The examples described below generally relate to tooth brushing activities, but the principles described can generally be extended to any other form of tooth care activity using a tooth care implement. Such dental care activities may include, for example, the application of tooth whitening agents using any suitable form of dental care implement or the application of a tooth or oral medication or material, such as an enamel slurry, where tracking of the tooth surface over which the dental care implement travels is desired.

The term "toothbrush" as used herein is intended to include manual toothbrushes and electric toothbrushes.

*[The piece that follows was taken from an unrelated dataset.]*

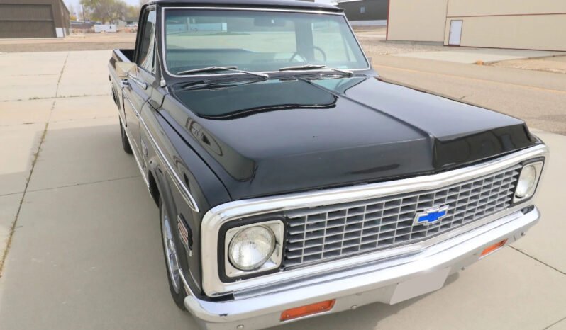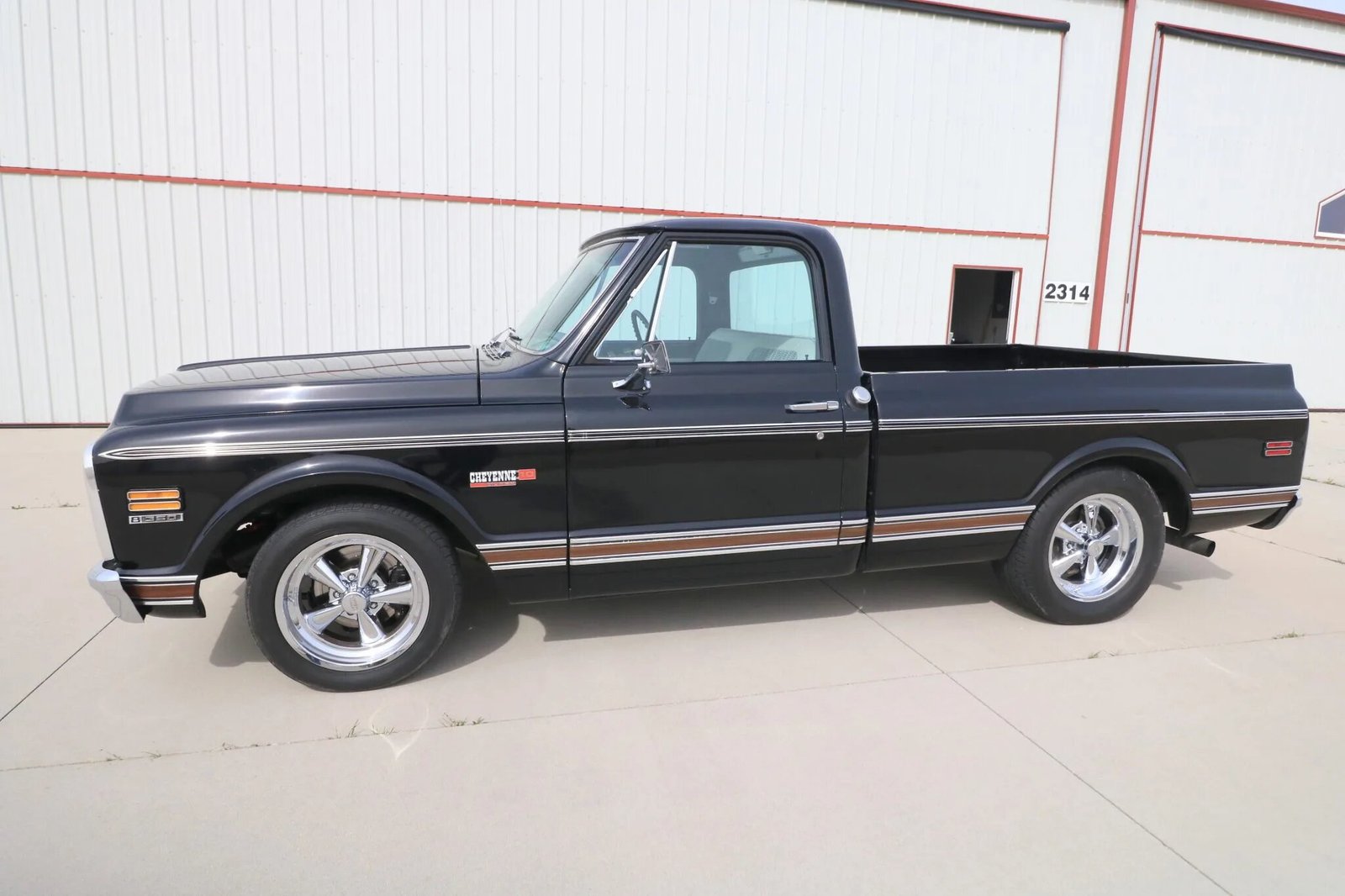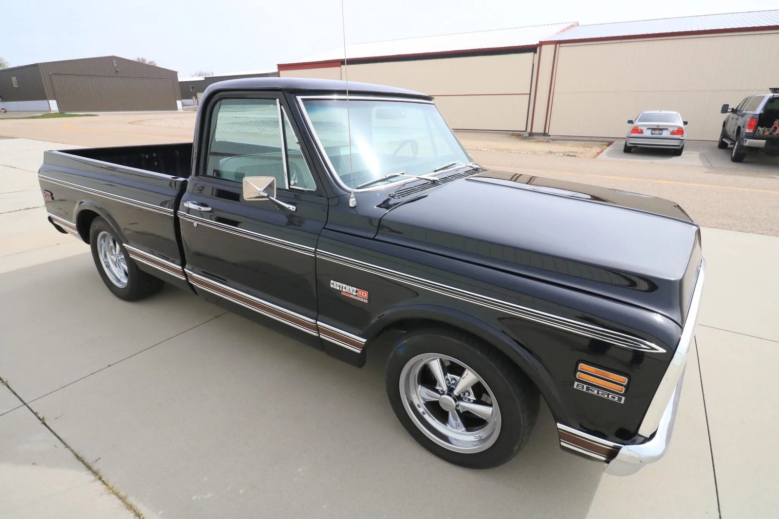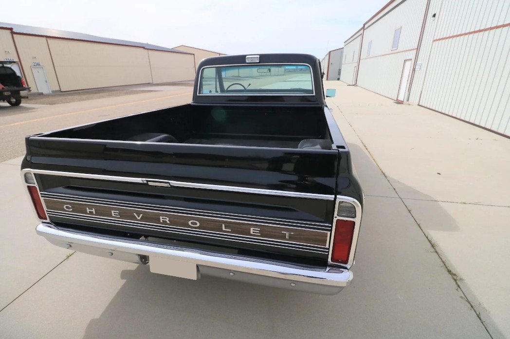 A single-stage repaint in black was carried out, the frame was refinished, and replacement Cheyenne Super badging and faux-woodgrain side moldings were installed.
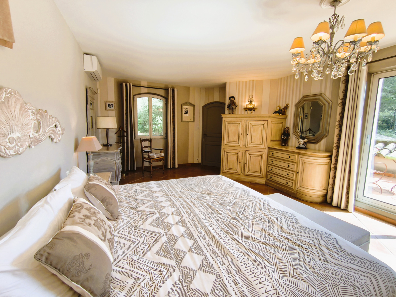 À l’étage, une suite parentale climatisée avec terrasse privative offre une vue imprenable sur la piscine et le jardin.

Referring to fig. 1, a toothbrush motion tracking system 1 for tracking a user's brushing activity may include a camera 2. The term "camera" is intended to encompass any image capture device suitable for obtaining a series of images of a user using the toothbrush during a brushing session. In one arrangement, the video camera may be a camera conventionally found in a smart phone or other computing device.

The camera 2 communicates with a data processing module 3. The data processing module 3 may be provided, for example, within a smart phone or other computing device which may be suitably programmed or otherwise configured to implement a processing module as described below. The data processing module 3 may include a face tracking module 4, the face tracking module 4 being configured to receive a series of frames of the video and determine therefrom various features or landmarks on the user's face and the orientation of the user's face. The data processing module 3 may also include a toothbrush marker position detection module 5, the toothbrush marker position detection module 5 being configured to receive a series of frames of the video and determine the position of the toothbrush within each frame. The data processing module 3 may also include a toothbrush tag orientation estimation module 6, the toothbrush tag orientation estimation module 6 being configured to receive a series of frames of the video and determine/estimate the orientation of the toothbrush within each frame. The term "series of frames" is intended to encompass a sequence of frames, typically time-sequential, that may or may not constitute each frame captured by a camera, and is intended to encompass periodically sampled frames and/or a series of aggregated or averaged frames.

The respective outputs 7, 8, 9 of the face tracking module 4, the toothbrush marker position detection module 5 and the toothbrush marker orientation detection module 6 may be provided as inputs to a brushed oral area classifier 10, the brushed oral area classifier 10 being configured to determine an oral area being brushed. In one example, the classifier 10 is configured to be able to classify each video frame of the user's brushing action as corresponding to brushing one of the following oral areas/tooth surfaces: left outer, left upper coronal inner, left lower coronal inner, center outer, center upper inner, center lower inner, right outer, right upper coronal inner, right lower coronal inner. This list of oral areas/tooth surfaces is the currently preferred classification, but the classifier can be configured to classify brushing motions into fewer or more oral areas/tooth surfaces if desired and according to the resolution of the classifier training data.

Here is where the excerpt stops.